Selon le cabinet Actuariat, le basculement des salariés et des pensionnés de l’ONCF, l’OCP et l’ONEE (ces trois organismes représentent 87% de la population de l’article 114 dans le secteur public) risque d’occasionner un surcoût annuel de l’ordre de 180 millions de DH et de créer un déficit du régime AMO dès la première année d’intégration.

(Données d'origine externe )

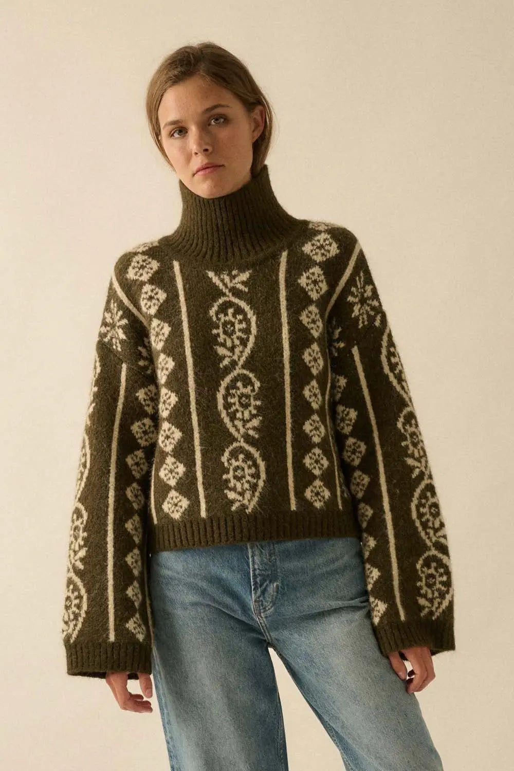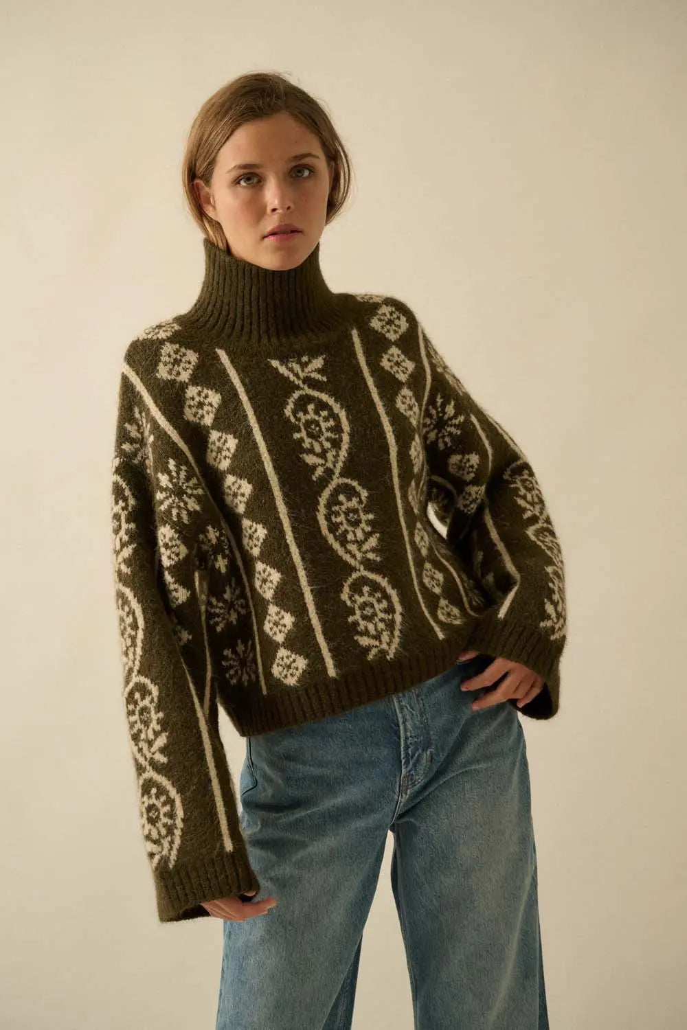 Steamboat Sweater Wrap yourself in cozy charm with the Steamboat Sweater, a fuzzy jacquard-knit dream featuring whimsical abstract florals and snowflakes dancing across the fabric. The high mock neckline keeps you snug while wide, drop-shoulder sleeves offer effortless style and movement. Ribbed details at the collar, cuffs, and hem provide a polished finish, while the relaxed fit ensures all-day comfort. Perfect for layering or wearing solo, this playful knit brings warmth and personality to your winter wardrobe.
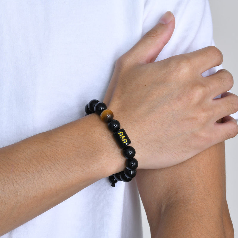 G廠-光面瑪瑙虎眼石DAD琉璃桶珠可調節編織手鍊黑色「BR-1666」25.07-4

Une situation totalement contraire à celle qui vaut pour le secteur privé, dont la population de l’article 114 est estimée à 1,72 million à l’horizon 2025. Mais contrairement à ce qu’on pourrait imaginer, leur basculement constituera un gain pour le régime AMO et l’on s’attend à une amélioration sensible de la santé financière de ce régime géré par la CNSS. La question reste tout de même posée quant à l’impact de cette migration et au manque à gagner que les compagnies d’assurances seraient amenées à subir !
Comment éviter le pire ?
Ne se limitant pas au seul exercice de diagnostic et de projection sur les dix prochaines années, le cabinet Actuariat avait également pour mission de dresser une série de mesures censées garantir l’équilibre financier du régime. D’abord, les experts pointent du doigt les charges liées aux traitements des affections longue durée (ALD) et des affections longues et coûteuses (ALC) qui, à leurs yeux, risquent de représenter les deux tiers de l’AMO du secteur public à l’horizon 2025. «L’ANAM, le ministère de la Santé et les organismes gestionnaires peuvent mettre en place un observatoire ou un centre d’études dédié à la veille sur l’évolution du phénomène et à la recherche de solutions innovantes et adaptées au contexte marocain», suggère l’étude en encourageant les décideurs de la politique du médicament à avoir une vision réalisable pour une bonne maîtrise des prix des médicaments liés au traitement des ALD/ALC.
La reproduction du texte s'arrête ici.